**What needs to be done:** Return, exactly and with nothing added, the line with "4月26日下午,研究生党支部" together with all lines after it through the end of the data below. No pictures belong in the copy.
-=-=-
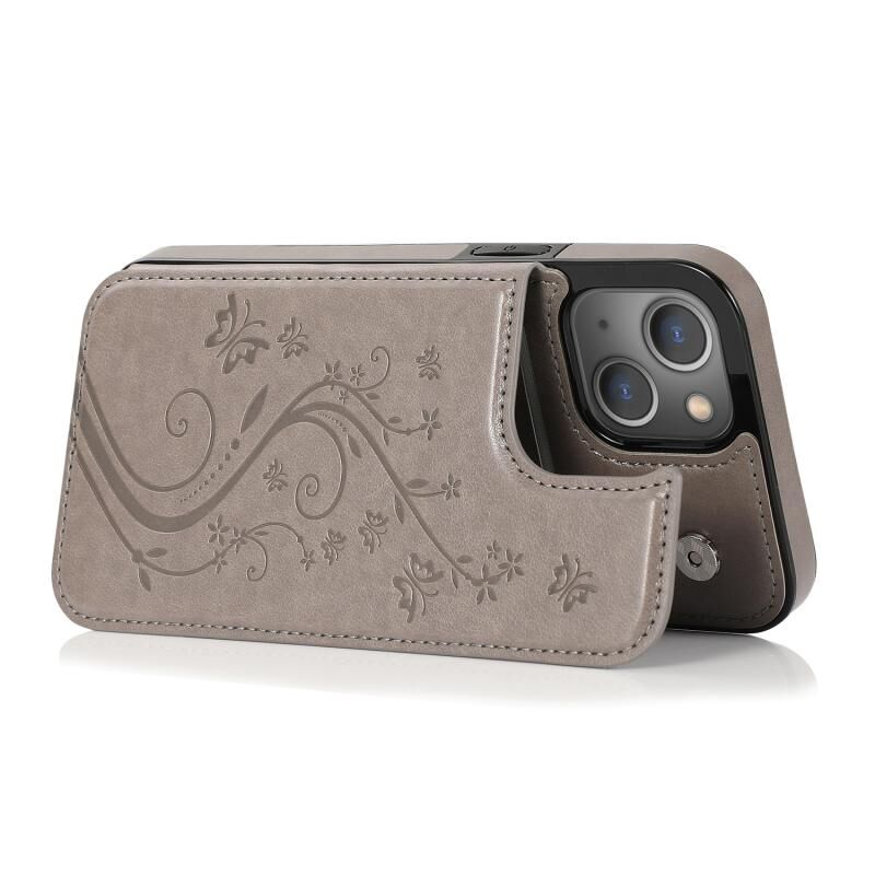 Θήκη για iPhone 14 με Πεταλούδες, Λουλούδια και Διπλή Αγκράφα (Μαύρο)
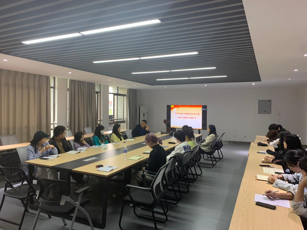 4月26日下午,研究生党支部在艺设楼506开展了党史学习专题教育党课,肖旺群副院长做了题为“肩负使命,设计为民,科研报国”的主题党课,院党委书记张为清做党史专题教育,支部全体党员参加了学习。
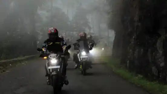 Jalur menantang di perkebunan teh sekitar Pamengpeuk pun menyajikan pengalaman tersendiri. Jalan berliku dengan suhu dingin bikin segar touring. Terlebih rombongan sempat diguyur hujan selepas Pangandaran.
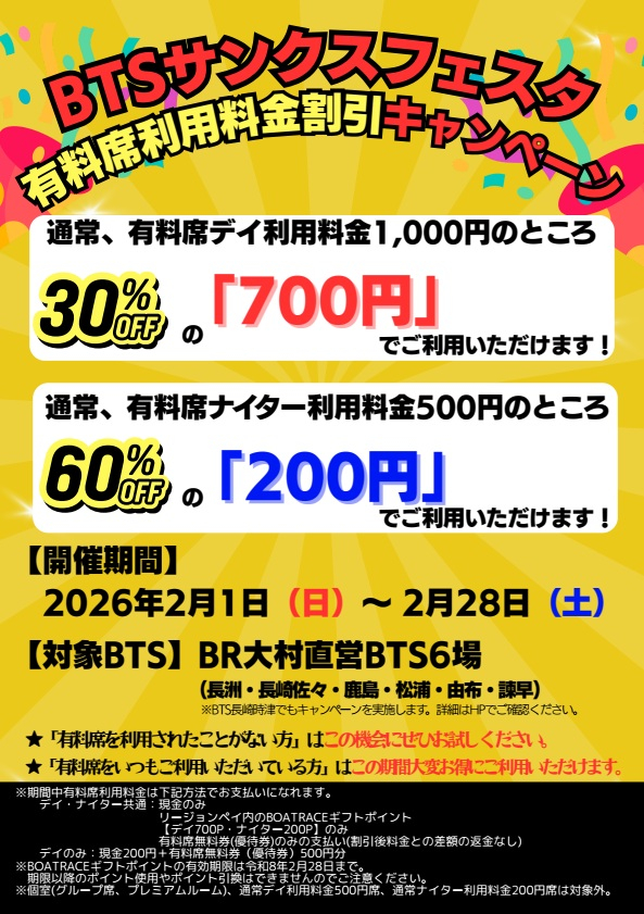 有料席をお得にご利用頂けるチャンスです。ぜひ皆様ご利用ください。
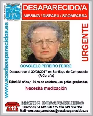 En concreto, según la alerta de SOS Desaparecidos difundida por la Guardia Civil en redes sociales, se trata de Consuelo Pereiro Ferro, de 82 años de edad, que mide 1,60 metros y usa gafas graduadas.
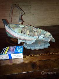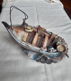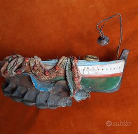 Gozzo con lampara antico in terracotta . Dimensioni : lunghezza da prua a poppa cm. 26, larghezza max cm. 13 altezza max cm. 18 Le foto fanno parte integrante della descrizione.
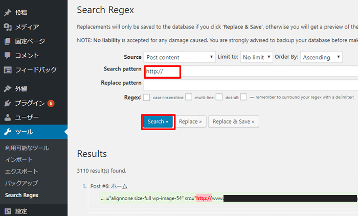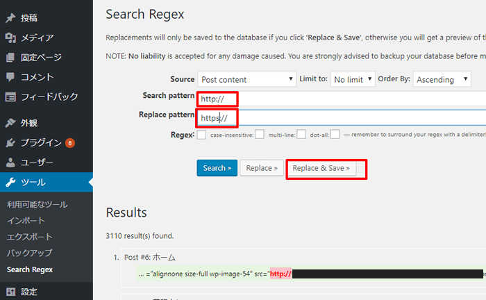 Wordpressのプラグイン Search Regexを使って「http」部分を「https」に置換します。
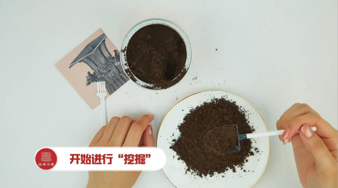 First step, use the little shovel to dig out the earth-like cookie pieces on the surface into a small bowl. [Photo/Official WeChat account of the National Museum of China]
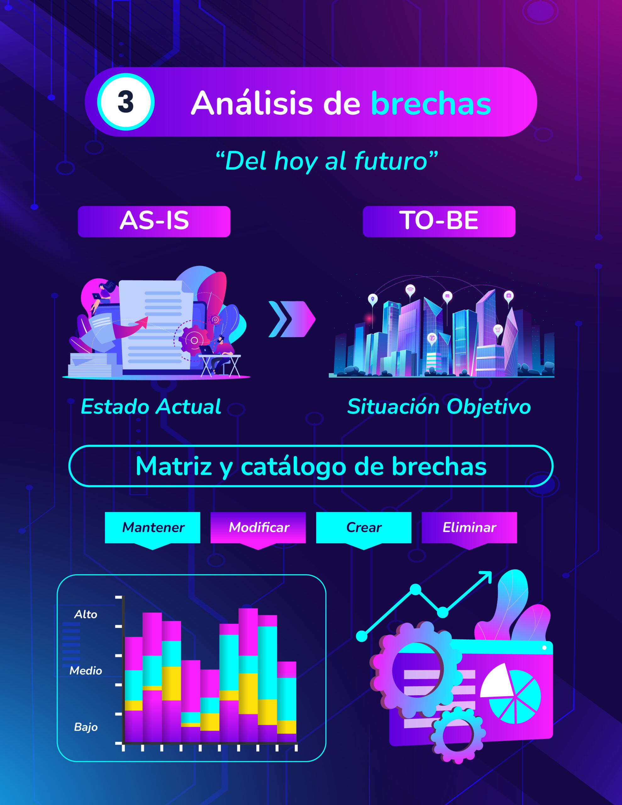 Salida: brechas identificadas y priorizadas, que explican qué impide pasar del “hoy” al “futuro”.
-=-=-
**Solution to the problem:**
 4月26日下午,研究生党支部在艺设楼506开展了党史学习专题教育党课,肖旺群副院长做了题为“肩负使命,设计为民,科研报国”的主题党课,院党委书记张为清做党史专题教育,支部全体党员参加了学习。
 Jalur menantang di perkebunan teh sekitar Pamengpeuk pun menyajikan pengalaman tersendiri. Jalan berliku dengan suhu dingin bikin segar touring. Terlebih rombongan sempat diguyur hujan selepas Pangandaran.
 有料席をお得にご利用頂けるチャンスです。ぜひ皆様ご利用ください。
 En concreto, según la alerta de SOS Desaparecidos difundida por la Guardia Civil en redes sociales, se trata de Consuelo Pereiro Ferro, de 82 años de edad, que mide 1,60 metros y usa gafas graduadas.
 Gozzo con lampara antico in terracotta . Dimensioni : lunghezza da prua a poppa cm. 26, larghezza max cm. 13 altezza max cm. 18 Le foto fanno parte integrante della descrizione.
 Wordpressのプラグイン Search Regexを使って「http」部分を「https」に置換します。
 First step, use the little shovel to dig out the earth-like cookie pieces on the surface into a small bowl. [Photo/Official WeChat account of the National Museum of China]
 Salida: brechas identificadas y priorizadas, que explican qué impide pasar del “hoy” al “futuro”.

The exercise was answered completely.